*AIM OF THE EXERCISE:*
Would you transcribe all of the entries that follow, word for word?

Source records
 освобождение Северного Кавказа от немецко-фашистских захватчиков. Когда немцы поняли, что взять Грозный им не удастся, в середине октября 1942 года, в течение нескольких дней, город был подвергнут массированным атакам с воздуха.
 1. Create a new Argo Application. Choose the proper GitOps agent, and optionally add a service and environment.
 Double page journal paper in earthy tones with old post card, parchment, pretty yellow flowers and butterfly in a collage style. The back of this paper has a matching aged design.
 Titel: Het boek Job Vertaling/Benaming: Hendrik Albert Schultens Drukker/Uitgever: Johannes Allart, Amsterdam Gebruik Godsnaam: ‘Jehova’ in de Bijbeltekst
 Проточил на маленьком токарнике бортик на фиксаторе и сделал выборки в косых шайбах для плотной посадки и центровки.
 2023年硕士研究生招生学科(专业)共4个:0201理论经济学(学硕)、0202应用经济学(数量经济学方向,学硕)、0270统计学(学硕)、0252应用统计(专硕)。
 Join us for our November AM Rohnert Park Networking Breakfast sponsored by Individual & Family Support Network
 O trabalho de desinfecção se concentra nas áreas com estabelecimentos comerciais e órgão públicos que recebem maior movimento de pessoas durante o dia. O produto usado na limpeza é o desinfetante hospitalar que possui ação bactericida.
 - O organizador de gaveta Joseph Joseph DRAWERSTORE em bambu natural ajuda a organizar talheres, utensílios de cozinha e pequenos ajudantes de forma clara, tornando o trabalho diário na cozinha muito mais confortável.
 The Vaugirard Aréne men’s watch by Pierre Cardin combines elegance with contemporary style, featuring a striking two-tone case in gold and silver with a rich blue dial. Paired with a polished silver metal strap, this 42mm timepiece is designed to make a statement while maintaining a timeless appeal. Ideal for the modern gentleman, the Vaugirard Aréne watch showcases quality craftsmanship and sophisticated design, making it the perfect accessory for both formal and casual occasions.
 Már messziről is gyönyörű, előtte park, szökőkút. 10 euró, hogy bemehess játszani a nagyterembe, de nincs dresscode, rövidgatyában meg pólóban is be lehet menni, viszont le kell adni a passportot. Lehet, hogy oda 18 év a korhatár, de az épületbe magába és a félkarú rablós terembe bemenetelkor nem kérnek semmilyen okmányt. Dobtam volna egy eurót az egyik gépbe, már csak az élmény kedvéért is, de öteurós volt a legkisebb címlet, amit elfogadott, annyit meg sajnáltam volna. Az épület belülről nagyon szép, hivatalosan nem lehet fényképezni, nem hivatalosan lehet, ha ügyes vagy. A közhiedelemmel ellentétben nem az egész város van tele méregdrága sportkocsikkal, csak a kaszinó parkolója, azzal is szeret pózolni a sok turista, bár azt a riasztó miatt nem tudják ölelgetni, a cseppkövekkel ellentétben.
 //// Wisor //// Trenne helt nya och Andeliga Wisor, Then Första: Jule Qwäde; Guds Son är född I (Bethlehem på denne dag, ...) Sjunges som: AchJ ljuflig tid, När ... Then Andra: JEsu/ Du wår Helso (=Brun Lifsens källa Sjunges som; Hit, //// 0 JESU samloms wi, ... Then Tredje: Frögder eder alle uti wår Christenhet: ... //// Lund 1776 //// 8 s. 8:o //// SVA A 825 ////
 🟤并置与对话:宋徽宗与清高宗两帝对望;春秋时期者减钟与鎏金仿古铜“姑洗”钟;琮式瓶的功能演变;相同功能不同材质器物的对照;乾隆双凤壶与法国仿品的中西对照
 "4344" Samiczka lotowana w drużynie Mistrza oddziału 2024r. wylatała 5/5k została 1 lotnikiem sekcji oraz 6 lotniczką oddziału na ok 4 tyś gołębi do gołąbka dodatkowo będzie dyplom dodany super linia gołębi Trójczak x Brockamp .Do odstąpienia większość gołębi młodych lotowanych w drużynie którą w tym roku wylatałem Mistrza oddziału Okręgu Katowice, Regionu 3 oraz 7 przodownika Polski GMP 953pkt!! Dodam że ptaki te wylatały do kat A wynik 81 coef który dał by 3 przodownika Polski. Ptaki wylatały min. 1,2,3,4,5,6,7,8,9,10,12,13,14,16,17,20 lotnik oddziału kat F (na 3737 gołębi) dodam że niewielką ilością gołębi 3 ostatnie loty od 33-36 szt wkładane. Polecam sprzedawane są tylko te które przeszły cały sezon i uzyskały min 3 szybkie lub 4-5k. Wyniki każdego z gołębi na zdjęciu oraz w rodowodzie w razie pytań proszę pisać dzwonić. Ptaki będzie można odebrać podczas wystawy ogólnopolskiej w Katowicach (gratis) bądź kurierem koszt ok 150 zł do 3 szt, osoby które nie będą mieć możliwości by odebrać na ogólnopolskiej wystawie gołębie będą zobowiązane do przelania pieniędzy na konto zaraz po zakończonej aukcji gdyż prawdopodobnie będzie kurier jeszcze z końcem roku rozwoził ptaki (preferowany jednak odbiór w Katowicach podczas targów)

*WRITTEN SOLUTION:*
 освобождение Северного Кавказа от немецко-фашистских захватчиков. Когда немцы поняли, что взять Грозный им не удастся, в середине октября 1942 года, в течение нескольких дней, город был подвергнут массированным атакам с воздуха.
 1. Create a new Argo Application. Choose the proper GitOps agent, and optionally add a service and environment.
 Double page journal paper in earthy tones with old post card, parchment, pretty yellow flowers and butterfly in a collage style. The back of this paper has a matching aged design.
 Titel: Het boek Job Vertaling/Benaming: Hendrik Albert Schultens Drukker/Uitgever: Johannes Allart, Amsterdam Gebruik Godsnaam: ‘Jehova’ in de Bijbeltekst
 Проточил на маленьком токарнике бортик на фиксаторе и сделал выборки в косых шайбах для плотной посадки и центровки.
 2023年硕士研究生招生学科(专业)共4个:0201理论经济学(学硕)、0202应用经济学(数量经济学方向,学硕)、0270统计学(学硕)、0252应用统计(专硕)。
 Join us for our November AM Rohnert Park Networking Breakfast sponsored by Individual & Family Support Network
 O trabalho de desinfecção se concentra nas áreas com estabelecimentos comerciais e órgão públicos que recebem maior movimento de pessoas durante o dia. O produto usado na limpeza é o desinfetante hospitalar que possui ação bactericida.
 - O organizador de gaveta Joseph Joseph DRAWERSTORE em bambu natural ajuda a organizar talheres, utensílios de cozinha e pequenos ajudantes de forma clara, tornando o trabalho diário na cozinha muito mais confortável.
 The Vaugirard Aréne men’s watch by Pierre Cardin combines elegance with contemporary style, featuring a striking two-tone case in gold and silver with a rich blue dial. Paired with a polished silver metal strap, this 42mm timepiece is designed to make a statement while maintaining a timeless appeal. Ideal for the modern gentleman, the Vaugirard Aréne watch showcases quality craftsmanship and sophisticated design, making it the perfect accessory for both formal and casual occasions.
 Már messziről is gyönyörű, előtte park, szökőkút. 10 euró, hogy bemehess játszani a nagyterembe, de nincs dresscode, rövidgatyában meg pólóban is be lehet menni, viszont le kell adni a passportot. Lehet, hogy oda 18 év a korhatár, de az épületbe magába és a félkarú rablós terembe bemenetelkor nem kérnek semmilyen okmányt. Dobtam volna egy eurót az egyik gépbe, már csak az élmény kedvéért is, de öteurós volt a legkisebb címlet, amit elfogadott, annyit meg sajnáltam volna. Az épület belülről nagyon szép, hivatalosan nem lehet fényképezni, nem hivatalosan lehet, ha ügyes vagy. A közhiedelemmel ellentétben nem az egész város van tele méregdrága sportkocsikkal, csak a kaszinó parkolója, azzal is szeret pózolni a sok turista, bár azt a riasztó miatt nem tudják ölelgetni, a cseppkövekkel ellentétben.
 //// Wisor //// Trenne helt nya och Andeliga Wisor, Then Första: Jule Qwäde; Guds Son är född I (Bethlehem på denne dag, ...) Sjunges som: AchJ ljuflig tid, När ... Then Andra: JEsu/ Du wår Helso (=Brun Lifsens källa Sjunges som; Hit, //// 0 JESU samloms wi, ... Then Tredje: Frögder eder alle uti wår Christenhet: ... //// Lund 1776 //// 8 s. 8:o //// SVA A 825 ////
 🟤并置与对话:宋徽宗与清高宗两帝对望;春秋时期者减钟与鎏金仿古铜“姑洗”钟;琮式瓶的功能演变;相同功能不同材质器物的对照;乾隆双凤壶与法国仿品的中西对照
 "4344" Samiczka lotowana w drużynie Mistrza oddziału 2024r. wylatała 5/5k została 1 lotnikiem sekcji oraz 6 lotniczką oddziału na ok 4 tyś gołębi do gołąbka dodatkowo będzie dyplom dodany super linia gołębi Trójczak x Brockamp .Do odstąpienia większość gołębi młodych lotowanych w drużynie którą w tym roku wylatałem Mistrza oddziału Okręgu Katowice, Regionu 3 oraz 7 przodownika Polski GMP 953pkt!! Dodam że ptaki te wylatały do kat A wynik 81 coef który dał by 3 przodownika Polski. Ptaki wylatały min. 1,2,3,4,5,6,7,8,9,10,12,13,14,16,17,20 lotnik oddziału kat F (na 3737 gołębi) dodam że niewielką ilością gołębi 3 ostatnie loty od 33-36 szt wkładane. Polecam sprzedawane są tylko te które przeszły cały sezon i uzyskały min 3 szybkie lub 4-5k. Wyniki każdego z gołębi na zdjęciu oraz w rodowodzie w razie pytań proszę pisać dzwonić. Ptaki będzie można odebrać podczas wystawy ogólnopolskiej w Katowicach (gratis) bądź kurierem koszt ok 150 zł do 3 szt, osoby które nie będą mieć możliwości by odebrać na ogólnopolskiej wystawie gołębie będą zobowiązane do przelania pieniędzy na konto zaraz po zakończonej aukcji gdyż prawdopodobnie będzie kurier jeszcze z końcem roku rozwoził ptaki (preferowany jednak odbiór w Katowicach podczas targów)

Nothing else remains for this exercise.